Ak Parti, parlamenter sistem içinde Türkiye'ye yapabileceği katkıyı
en büyük ölçüde yapmıştır. Bu saatten sonra Türkiye'yi
taşıyabilecek temel nokta, hizmetlerin hepsini
gerçekleştirebileceği, sadece yeryüzün değil, Avrupa'da, Güney
Amerika'da değil, uzayda bile yapılabilecek en önemli sistemlerden
bir tanesi parlamenter sistemi, yani bu hükümet sistemini
değiştirmek ve Türkiye'yi başkanlık modeline getirebilecek anlayışı
ülkemizle bütünleştirmektir."
SİLİVRİ'DEKİ İZDİHAMA TEPKİ
Geçen 13 Aralık'ta İstanbul 13'üncü Ağır Ceza Mahkemesi'nde
görülmesine devam edilen Ergenekon Davası sırasında Silivri
Cezaevi'ndeki yaşanan izdiham ile ilgili de konuşan Soylu şöyle
devam etti:
"Türkiye'nin en önemli siyasi davalarından bir tanesi olan
Ergenekon Davası için, Silivri'de neredeyse mahkemeyi basabilecek
cürette ortaya konulan bir anlayışı tüm Türkiye seyretti. Bir meşru
siyasi parti için bu doğru bir yaklaşım mıdır? Yasama meclisinde,
her türlü meseleyi anlatma, her türlü bağımsız ve özgür şekilde
değerlendirme fırsatı olan bir siyasi parti, her şeyi konuşan bir
siyasi parti için soruyorum, bugün gazetelerde çıktı ya KCK davası
için BDP'de 10 binlerce insanı oraya taşır ve o mahkemeyi kuşatırsa
Türkiye'de hukukun üstünlüğünü kim savunur. Daha henüz mahkeme
tamamlanmadan, kimin suçlu, kimin suçsuz olduğu bilinmeden
mahkemeye yapılacak baskı, anayasamızın 138'nci maddesine
aykırıdır.
AK PARTİ HUKUKUN MEŞRU ÖLÇÜLERİ İÇERİSİNDE
DERDİNİ ANLATTI
Ak Parti, kendi partisi kapatılırken, 8 milyon üyesiyle meydan
yıkma gibi bir anlayışı ortaya koydu mu? Hayır. Anayasa
Mahkemesi'ne gitti.

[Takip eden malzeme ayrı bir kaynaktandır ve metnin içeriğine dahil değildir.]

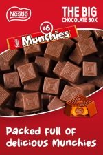 THE BIG CHOCOLATE BOX includes 6 X 4 Finger Milk Chocolate KitKat, 6 x Milk Chocolate Yorkie, 6 x Aero Peppermint Bubbly Bar, 6 x Munchies Tube, 6 x Milk Chocolate KitKat Chunky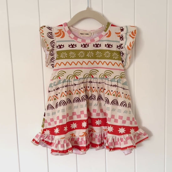 Featuring our exclusive biggsy+smalls Tropicale print, this dress is made from soft, breathable cotton with a gentle stretch, perfect for staying cool on sunny days. The relaxed silhouette allows for plenty of movement (and twirling), while the lightweight feel makes it ideal for everyday wear, special outings or holiday adventures.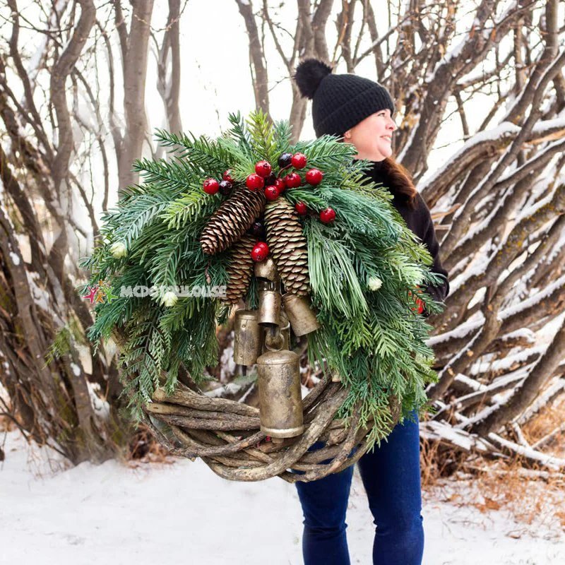 💁♀️This wreath is made on a unique rustic vine base, 😇that's plenty chunky with lots of texture. 🎄It's accented with realistic looking, faux winter greens, pinecones and berries. 🛎Chunky golden bells hang center stage and ring with movement.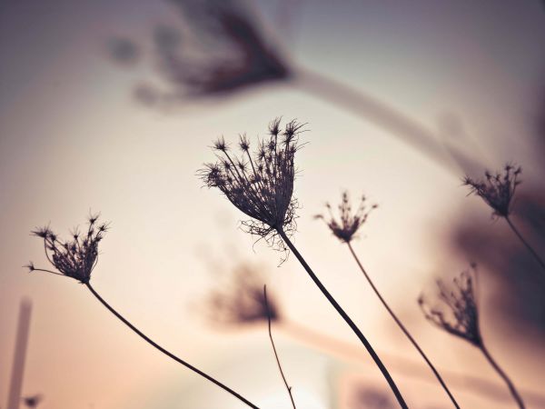 Una bella silhouette di piante in un campo dove il sole è appena tramontato.

Orada kendi derdini hukukun meşru ölçüleri
içerisinde anlatmaya çalıştı.
Böyle bir sorumsuzluk Türk siyasi hayatının içerisine
sığdırılabilir, anlayışla karşılanabilir bir hadise kesinlikle
değildir. Siyaset, meşru zeminlerde hukukun ve demokrasinin
içerisinde yapılması gereken sorumlu bir anlayışın ta kendisidir.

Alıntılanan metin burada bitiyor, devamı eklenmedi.